The Segontium Roman Museum in Caernarfon, Gwynedd is on a site which experts call one of the best preserved Roman fortresses in the world.
But cash from a five-year funding deal is running out, and the trust says it may not be able to open in the spring.
The Welsh Assembly Government says it hopes a solution can be found to save the centre from closure.
Segontium Cyf, a trust made up of local people, took over the running of the centre from National Museum Wales in 2003.
Since then, the day-to-day running costs of the centre have been met through a funding deal set-up by the national museum.

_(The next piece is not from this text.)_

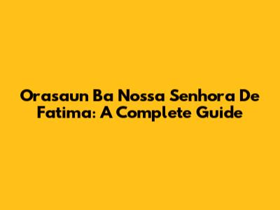 Orasaun Ba Nossa Senhora De Fatima: A Complete Guide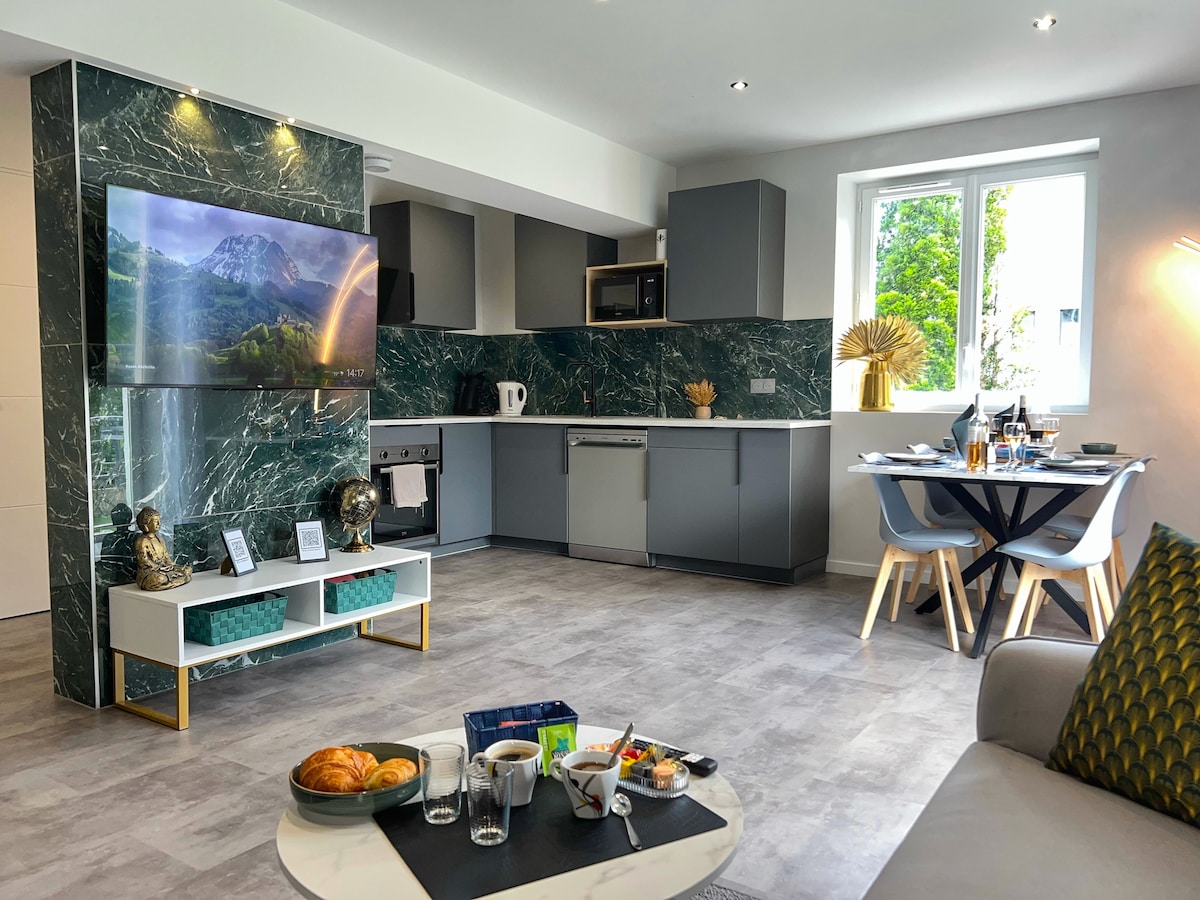 💎💎💎 BIENVENUE à L'EMERAUDE 💎💎💎 Appartement NEUF, CALME, jusqu'à 4 voyageurs ★ Emplacement stratégique en cœur de Maurienne, aux pieds des cols mythiques, pour skieurs et cyclistes ★ ★ Appartement parfait pour travailleur ou vacancier ★ ★ A 20mn du Télécabine Orelle/Valthorens ★ A 5mn de la gare de St Jean de Maurienne et ses commerces ★ ★ 25mn de l'Italie ★ ★ 10m² de TERRASSE, Local Ski/Vélo ★ ★ Stationnement GRATUIT et RESERVE ★ ★ WIFI / Fibre / Netflix GRATUIT ★.

However, the chairman of the Segontium trust, Rhys Prytherch, says that cash is now running out, and they face the very real prospect of closing the museum doors for good in just a few weeks.

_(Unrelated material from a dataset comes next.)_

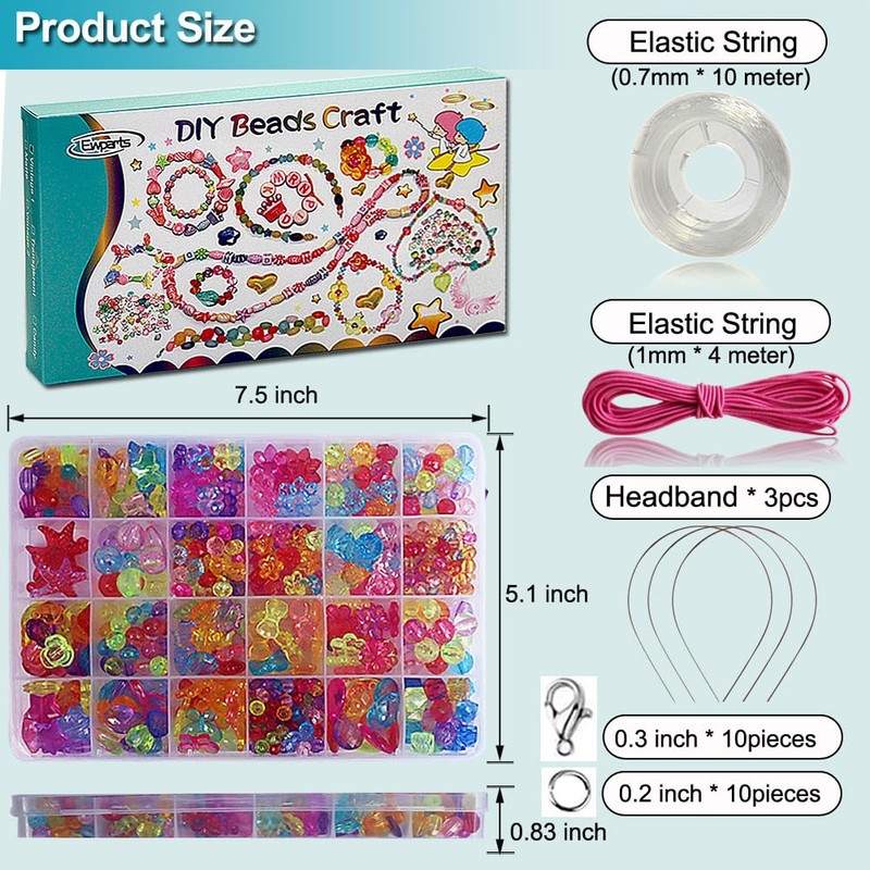 Ewparts colourful bead bracelet bead kit is a good teaching tool to help children improve hand-eye coordination, improve their practical skills, play better with the child's imagination and train children's creativity and logical thinking.

"We were given money for a five-year period by the National Museum and it is that money now which is drying up," said Mr Prytherch.
"That is the reason that we have to close it. We can't now afford to pay the staff, or the heating or lighting bills."

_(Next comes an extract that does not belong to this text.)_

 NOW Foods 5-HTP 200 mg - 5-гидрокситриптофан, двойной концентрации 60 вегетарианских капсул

It's very sad. It's part of the heritage of the area... I think people are proud of it
Rhys Prytherch, Segontium Cyf
The museum was opened in 1924 after the site was excavated by the one of Britain's most famous archaeologists, Sir Mortimer Wheeler.
Dating back to around 70 AD, the Segontium site was the largest Roman garrison in north Wales, capable of housing up to 1,000 soldiers, under the control of the Roman forces at Deva - now Chester.
On an elevated position overlooking the Menai Strait with views of Anglesey and approaches from the Irish Sea, the fort remained the administrative centre for the area for around 300 years.
The site itself is so large that the whole of nearby Caernarfon Castle could fit into the garrison twice.
According to Raimund Karl, professor of archaeology and heritage at Bangor University, the fort remained historically important for more than 1,000 years.
"It played an important role, particularly in the medieval period through its association with Macsen Wledig, or Magnus Maximus, one of the British Roman emperors, or one of the pretenders to the Roman emperorship," said Prof Karl.
"It's seen as one of his primary sites with which he was associated."
It opened in 1924 after excavation by archaeologist Sir Mortimer Wheeler
The link to the Roman leader was seized on by members of royal Welsh households, keen to claim they were direct descendants, and legitimate rulers in Wales.
The figure also features in the Welsh Mabinogion stories, retelling how Macsen Wledig had a dream about a beautiful woman, later to find her at Segontium.
Regardless of any truth in the folk tales, or whether the Roman leader ever set foot in Caernarfon, Prof Karl said it did not impact on the importance of the site.
"It's one of the best preserved Roman forts in Wales, if not the world," he said.
The museum is due to close for its annual winter shutdown at the end of November.
"Unless we can find another source of funding, it will remain closed," said Mr Prytherch.
"It's very sad. It's part of the heritage of the area. I think people are proud of it, they may not visit as often as they should, but I think they are proud of it."
The trust is already in discussions with the national museum over what may happen to the current exhibits it houses in Caernarfon, including coins, jewellery and pottery.
The Roman ruins, which are on land owned by the National Trust, will remain in the care of the assembly government's heritage arm, Cadw.
The assembly government added: "Despite best efforts, Cadw is disappointed to hear that Segontium is facing closure. We remain hopeful that a solution regarding the future of the centre can be worked out."